Offloading forall loops typically incurs less overhead than offloading scalar reduction loops and sparse reduction loops. The main reason is that no synchronization is needed to avoid race conditions and ensure the correctness of the code. Note appropriate data scoping of shared and private variables is still a must.
Code example
C
void example(double *D, double *X, double *Y, int n, double a) {
for (int i = 0; i < n; ++i) {
D[i] = a * X[i] + Y[i];
}
}
The loop body has a forall
pattern, meaning that each iteration of the loop
can be executed independently and the result in each iteration is written to an
independent memory location. Thus, no race conditions can appear at runtime
related to array D
, so no specific synchronization is needed.

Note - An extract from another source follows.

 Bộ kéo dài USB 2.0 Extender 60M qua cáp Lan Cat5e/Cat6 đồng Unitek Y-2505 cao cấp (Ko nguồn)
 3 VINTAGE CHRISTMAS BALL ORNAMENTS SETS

The code snippet below shows an implementation that uses the OpenACC compiler directives to offload the loop to an accelerator. Note how no synchronization is required to avoid race conditions, while the data transfer clauses manage the data movement between the host memory and the accelerator memory:
void example(double *D, double *X, double *Y, int n, double a) {
#pragma acc data copyin(X[0:n], Y[0:n], a, n) copyout(D[0:n])
#pragma acc parallel
#pragma acc loop
for (int i = 0; i < n; ++i) {
D[i] = a * X[i] + Y[i];
}
}
Fortran
subroutine example(D, X, Y, a)
implicit none
real(kind=8), intent(out) :: D(:)
real(kind=8), intent(in) :: X(:), Y(:)
real(kind=8), intent(in) :: a
integer :: i
do i = 1, size(D, 1)
D(i) = a * X(i) + Y(i)
end do
end subroutine example
The loop body has a forall
pattern, meaning that each iteration of the loop
can be executed independently and the result in each iteration is written to an
independent memory location. Thus, no race conditions can appear at runtime
related to array D
, so no specific synchronization is needed.

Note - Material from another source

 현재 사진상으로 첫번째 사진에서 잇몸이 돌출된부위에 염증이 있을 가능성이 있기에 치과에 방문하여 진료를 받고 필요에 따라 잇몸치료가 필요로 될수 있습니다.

The code snippet below shows an implementation that uses the OpenACC compiler directives to offload the loop to an accelerator. Note how no synchronization is required to avoid race conditions, while the data transfer clauses manage the data movement between the host memory and the accelerator memory:
subroutine example(D, X, Y, a)
implicit none
real(kind=8), intent(out) :: D(:)
real(kind=8), intent(in) :: X(:), Y(:)
real(kind=8), intent(in) :: a
integer :: i
!$acc data copyin(X, Y, a) copyout(D)
!$acc parallel
!$acc loop
do i = 1, size(D, 1)
D(i) = a * X(i) + Y(i)
end do
!$acc end parallel
!$acc end data
end subroutine example